If you find yourself hitching south on the 101 in CA out of The Bay, you may want to avoid the southernmost onramp in Gilroy, right off of Monterey Road, next to the Hilton. Or at the very least hitch at the very bottom of the onramp. It goes up a hill, two lanes with a very wide pullover shoulder. It looked perfect so I went up near the top to give people time to see me. A shady looking dude is walking up the opposite side and once he gets closer near I am, asks what I’m doing. I tell him I’m trying to hitch to LA. He gets pissed and starts screaming about how “we live here” (referring to the patch of trees and tall grass behind him and how I need to go to the bottom and stop “bringing sweat on them.” Luckily a lady pulled up right as I was heading down and gave me a ride. So yeah, territorial homebums on that ramp, at least as of now.


----------



## Deleted member 25220 (Apr 30, 2019)

Taming the Tiger said:


> If you find yourself hitching south on the 101 in CA out of The Bay, you may want to avoid the southernmost onramp in Gilroy, right off of Monterey Road, next to the Hilton. Or at the very least hitch at the very bottom of the onramp. It goes up a hill, two lanes with a very wide pullover shoulder. It looked perfect so I went up near the top to give people time to see me. A shady looking dude is walking up the opposite side and once he gets closer near I am, asks what I’m doing. I tell him I’m trying to hitch to LA. He gets pissed and starts screaming about how “we live here” (referring to the patch of trees and tall grass behind him and how I need to go to the bottom and stop “bringing sweat on them.” Luckily a lady pulled up right as I was heading down and gave me a ride. So yeah, territorial homebums on that ramp, at least as of now.

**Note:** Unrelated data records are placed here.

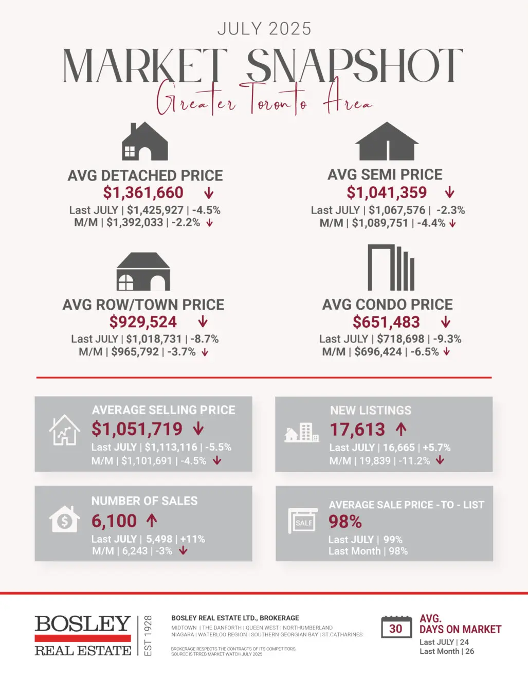 The average selling price in the GTA fell 5.5%, from $1,113,116 in July 2024 to $1,051,719 last month.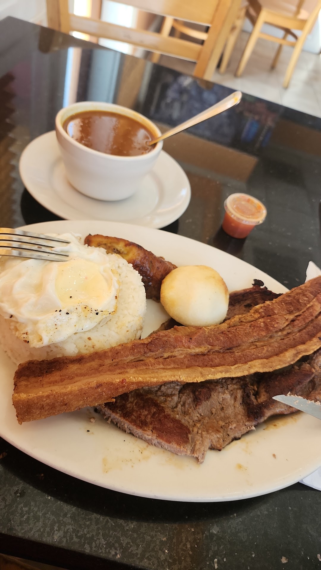 Read moreMy girlfriend and I had plantain soup, my first time lol, it was great! We had chicken breast with a very good seasoning, with salad and white rice.. professionally made! A simple lunch well done.. an open-mindedness to latin cooking is helpful.. I am not latin but fully aware..lol.. I will definitely return and try some of their bakery products.. this establishment is small but comfortable so a little humility goes a...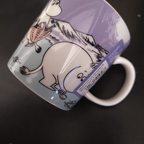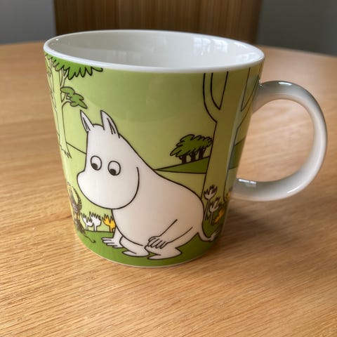 Mummikopp i gul keramikk. Kopp med motiv av Mummitrollet og tekst. Passer til servering av varme drikker. (Slutsåld)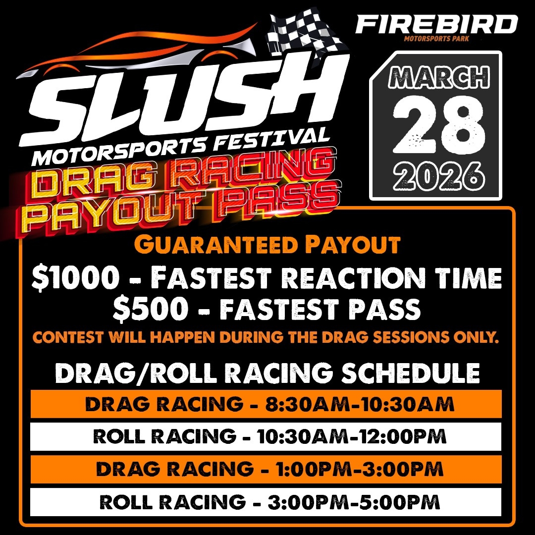We strongly suggest that guests under 18 years of age attending a SLUSH event are accompanied by a parent or guardian. Drivers must be 18 or older. Passengers MUST be 14 years or older and have Minor Release Waiver signed by BOTH parents if under 18. The Minor Release Waiver MUST be signed with BOTH parents in attendance at Firebird Motorsports Park. Pre-signed waivers turned into the tech department without both parents onsite will not be accepted. All passengers must wear a helmet.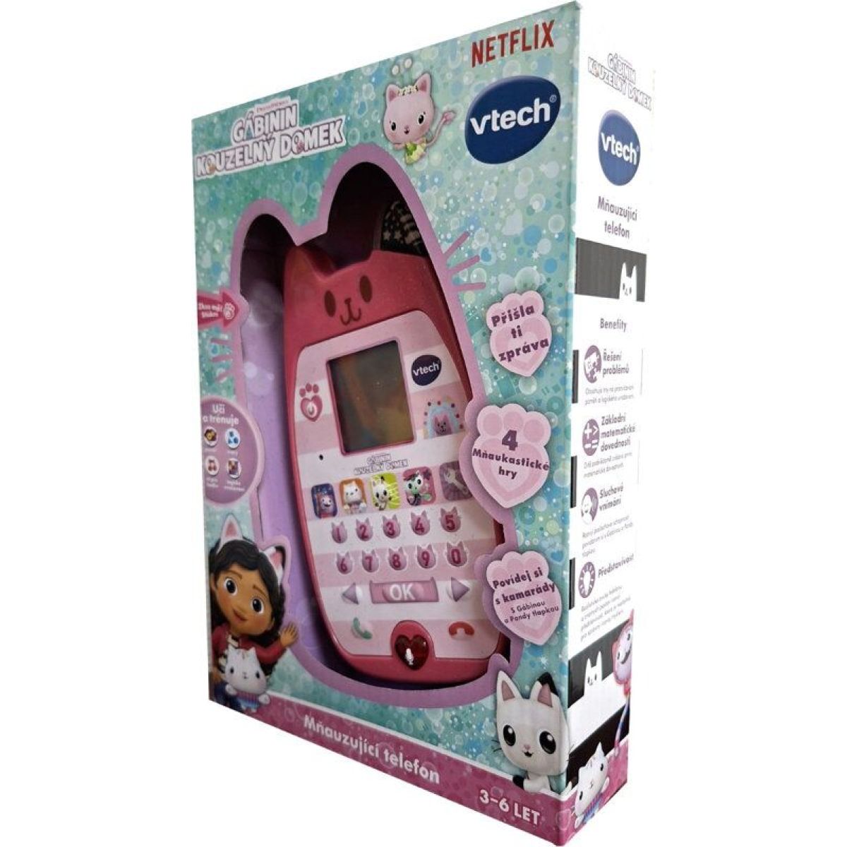 VTech Gábinin kouzelný domek – Mňauzující telefon je interaktivní vzdělávací hračka inspirovaná oblíbeným seriálem, která dětem umožňuje volat Gábině i jejím kočičím přátelům. Telefon ve tvaru kočičky věrně napodobuje ten, který používá Gábi, a díky autentickým hlasům z českého vysílání vytváří poutavý zážitek.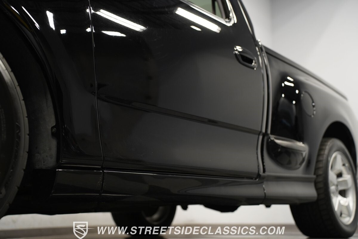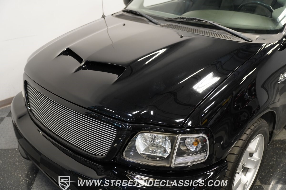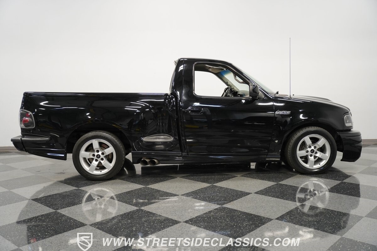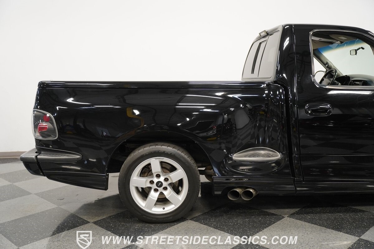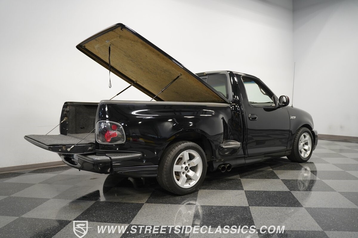What makes this 2001 Ford F-150 SVT Lightning roar is the 5.4 Liter Supercharged V8 engine, a powerhouse upgraded with an Eaton supercharger and an aftermarket ribbed serpentine belt system. The engine's growl is amplified by long tube headers and the side-exiting dual Bassani exhaust. The 4-speed automatic transmission shifts with precision, while a suspension system and power disc brakes stand ready to handle whatever the road throws its way.

THANKYOU for illustrating current political leanings in Cali on ramps!
Geez
Are you serious
That’s like saying 
“ the air in this room is mine to breathe”
Ridiculous


----------



## Coywolf (Apr 30, 2019)

Fuck those homebums. I would've said "make me" what a shit bag.


----------



## Max and Mary (May 9, 2019)

I just would've given him a kiss, that'll shut him up


----------